Experimental results of sensor failures in a vehicle

5 Conclusions

This paper studies the failure of angle-displacement sensor of a dual-mode coupling drive system electric actuator, in which mode-switching control is similar to the gear shifting control of an EV with clutchless AMT. The following conclusions can be drawn:

  1. 1.

    The signal noise and functional failure of the angle-displacement sensor greatly affect the mode-switching control effect of the dual-mode coupling drive system. Through the establishment of the actuator model, the paper points out the feasibility of using the current signal of the actuator motor for displacement observation and establishes the corresponding redundant control system. It is of significant importance to improve the mode-switching quality.

  2. 2.

    An adaptive mode-switching fault-tolerant control method is proposed based on an STKF. The filtering and fault-handling functions are effectively integrated. The actual displacement can be well tracked by the observed displacement. With the designed controller, the signal noise is effectively removed and the functional faults of the angular displacement sensor is overcome.

  3. 3.

    The results of the simulation and vehicle experiments prove that the proposed control method can effectively remove the noise signal of the sensor, while still ensuring the smooth completion of the mode-switching process after encountering the common faults.
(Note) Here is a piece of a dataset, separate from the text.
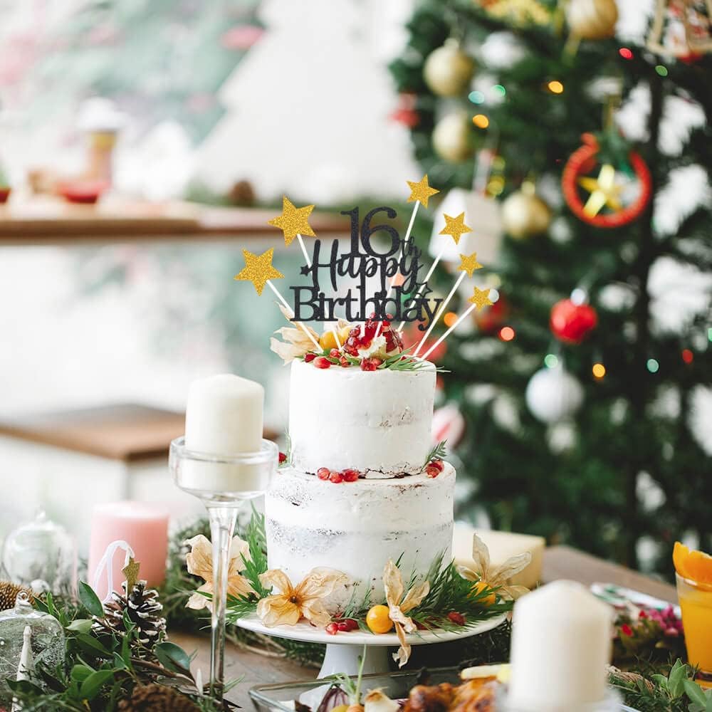 Glittery 16th Happy Birthday Cake Topper with Star,Personalised 16 Birthday Cake Toppers Party Decorations Party Supplies for Boys Girls Black Gold

This effectively improves the reliability of the mode-switching control process. The related research also provides a useful reference for improving the reliability of AMTs and other systems that need to use the angle-displacement sensor signal of the electric actuator for control.

In the experiment process, the initial displacement of the angle-displacement sensor after each power-on will be a little drifted and needs to be recalibrated. In addition, the displacement change is also affected by the supply voltage of the power, which is a big problem when doing fine control. The follow-up in-depth research will be carried out on the above problems to provide greater help to improve system reliability.